[Study material]
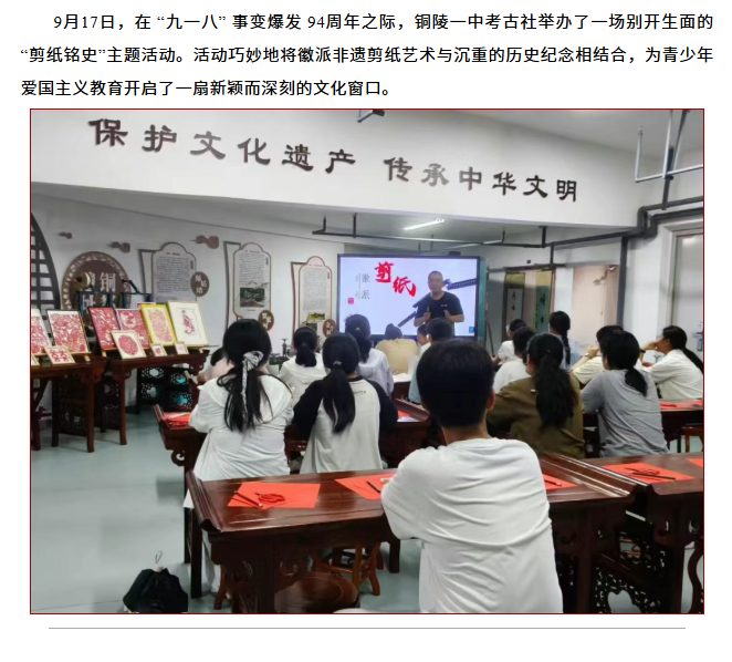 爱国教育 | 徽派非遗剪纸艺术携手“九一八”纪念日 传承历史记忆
...
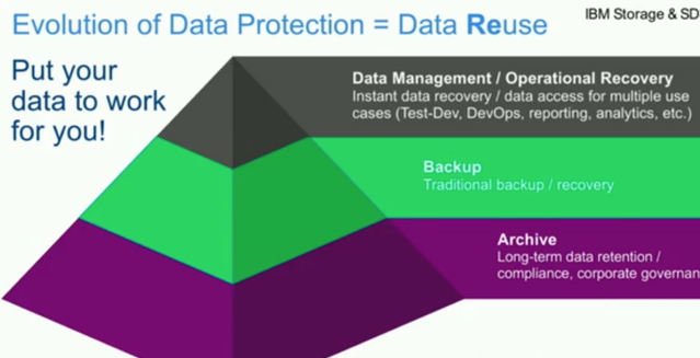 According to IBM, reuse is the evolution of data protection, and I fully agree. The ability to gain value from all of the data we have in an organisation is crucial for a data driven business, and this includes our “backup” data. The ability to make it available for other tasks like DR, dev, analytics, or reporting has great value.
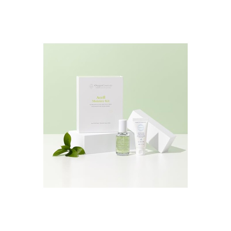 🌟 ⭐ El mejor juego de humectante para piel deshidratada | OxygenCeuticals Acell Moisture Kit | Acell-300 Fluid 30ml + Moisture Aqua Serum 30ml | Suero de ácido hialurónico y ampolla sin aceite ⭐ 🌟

[Directions for this task] Repeat exactly the lines above, beginning at the one containing "According to IBM, reuse" and ending at the one containing "sin aceite ⭐ 🌟". Do not carry over any pictures.

[Response for this exercise]
 According to IBM, reuse is the evolution of data protection, and I fully agree. The ability to gain value from all of the data we have in an organisation is crucial for a data driven business, and this includes our “backup” data. The ability to make it available for other tasks like DR, dev, analytics, or reporting has great value.
 🌟 ⭐ El mejor juego de humectante para piel deshidratada | OxygenCeuticals Acell Moisture Kit | Acell-300 Fluid 30ml + Moisture Aqua Serum 30ml | Suero de ácido hialurónico y ampolla sin aceite ⭐ 🌟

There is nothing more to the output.